We told him about the obituary. He listened with his arms crossed and his legs outstretched. "His spirit eyes can see in the dark, even from inside his dead body, and he will know where to go."

He shook his head. "If Bell is sleeping in the laboratory, he'll see him."

"Yes, but what does it matter? Mannering will be too strong to be stopped, and he can't be hurt or killed. Bell will be powerless to do anything. And he'll be none the wiser as to our involvement."

"I suppose this means you think you ought to come to control him."

"It'll be just like Bedlam."

"I seem to recall that almost ended in disaster."

"Almost but not quite. Lincoln, I don't think there's a safer alternative. You going in alone not only risks you, but also Dr. Bell. At least if I direct Mannering not to harm anyone, he must do as I say."

"You don't trust me not to hurt Bell?"

Either Seth or Gus cleared his throat.

"I think you'll fight if you get cornered," I said. "If Mannering is cornered, it doesn't matter."

"She has a point, sir," Gus said.

"And this way we can all come along," Seth added.

"It's not a party," Lincoln said.

"It's better."

"Mannering's funeral is tomorrow.

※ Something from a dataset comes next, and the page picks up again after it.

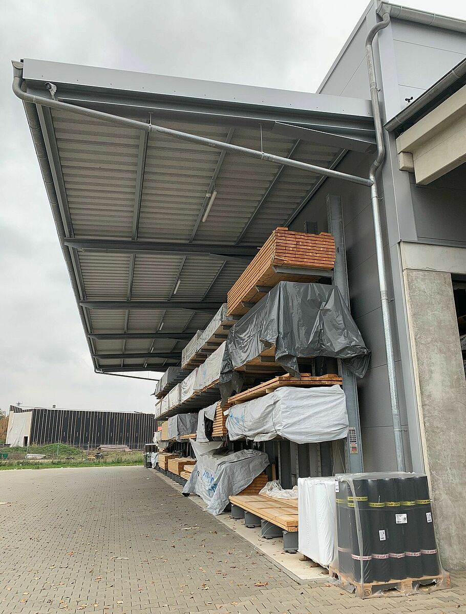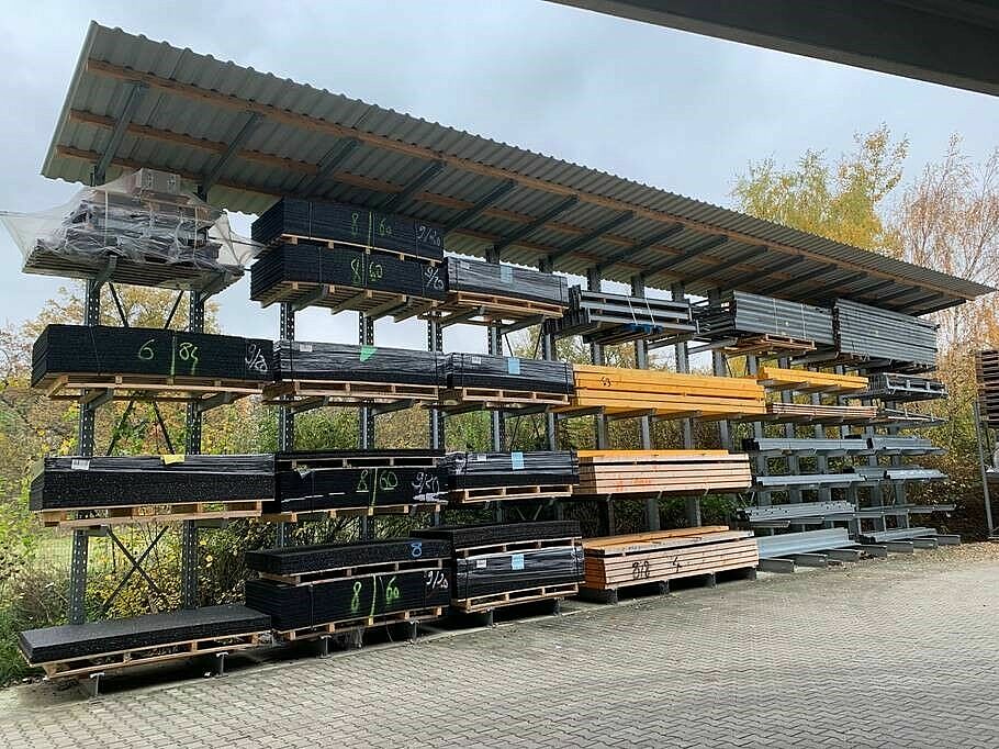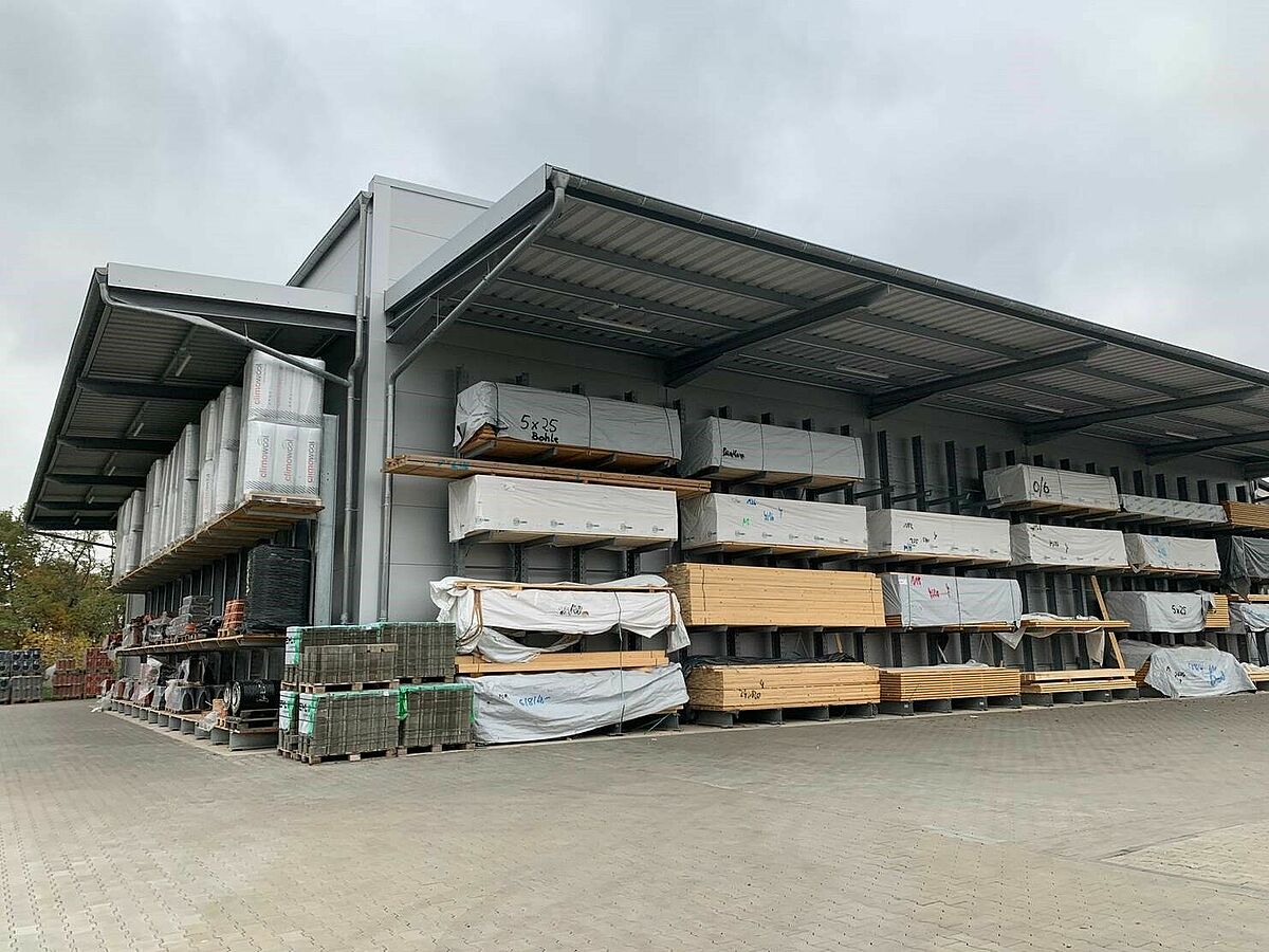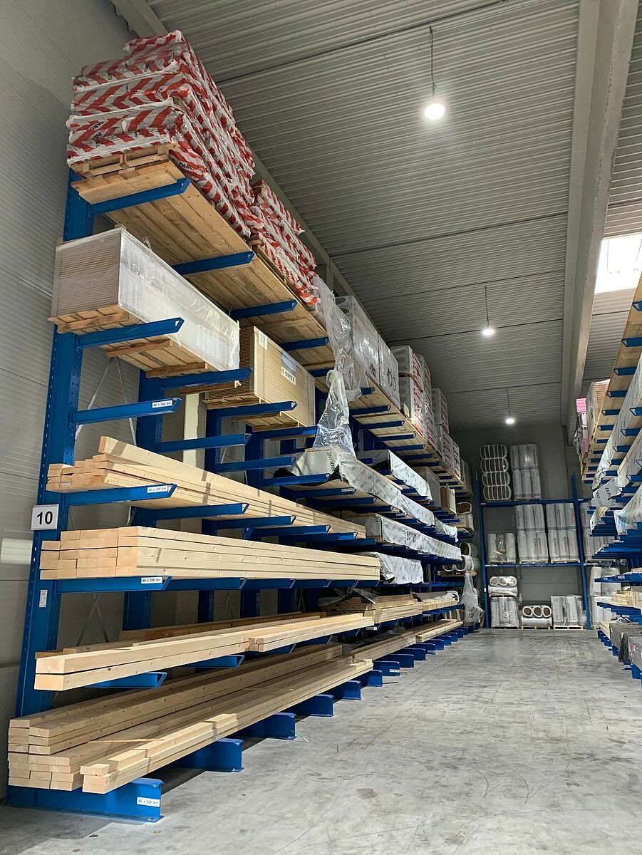 Die neu errichtete, 12 Meter hohe Lagerhalle entstand auf einer Fläche von 1.000 Quadratmetern und bietet zusätzlichen Platz für neue Artikel wie Fassadenpaneele, Dämmplatten oder Konstruktionsvollholz. Viele der jetzt komfortabel und geschützt in Regalen untergebrachten Artikel wurden früher im Außenbereich und auf dem Boden gelagert. So konnte mit den bis zu 6,58 Meter hohen Palettenregalen und rund 7 Meter hohen Kragarmregalen sowohl die Lagerkapazität erweitert, als auch der Zugriff auf die Waren deutlich verbessert werden. Insgesamt installierte OHRA vier rund 18 Meter lange Regalzeilen, bestehend aus Paletten- und Kragarmregalen, sowie entlang der Innenwände der Halle zwei 25,5 Meter lange Kragarmregale mit sechs Lagerebenen. Weitere Kragarmregale bieten im Außenbereich Platz für unempfindlichere Baustoffe.

Morgan Brothers are the undertakers. They're not far from here."

Lincoln blew out a breath and shook his head. "Everyone should get some sleep. We'll leave at two."



Ira Hartley Mannering's spirit did not want to re-enter his dead body. I could hardly blame him. I wouldn't like to have my eternal rest interrupted by someone ordering me to occupy a bloated body that was beginning to go off. Thank goodness he was due to be buried in the morning.

I'd summoned Mannering then wasted no time directing his spirit into the funeral parlor to sink back into his body. Once he eventually agreed, he unlocked the door from the inside and lurched across the road in his lumbering, awkward gait to us, waiting in the carriage. He now sat beside Lincoln, his dead eyes unfocused and his arms hanging limply at his sides. He reminded me of a ventriloquist's doll, albeit an oversized, smelly one.

"What is the meaning of this?" he demanded. It would have been more authoritative if his false teeth hadn't come loose as he spoke and made it difficult to understand him. "Why have I been disturbed?"

"I'm sorry," I said. "You have my word that no harm will come to you."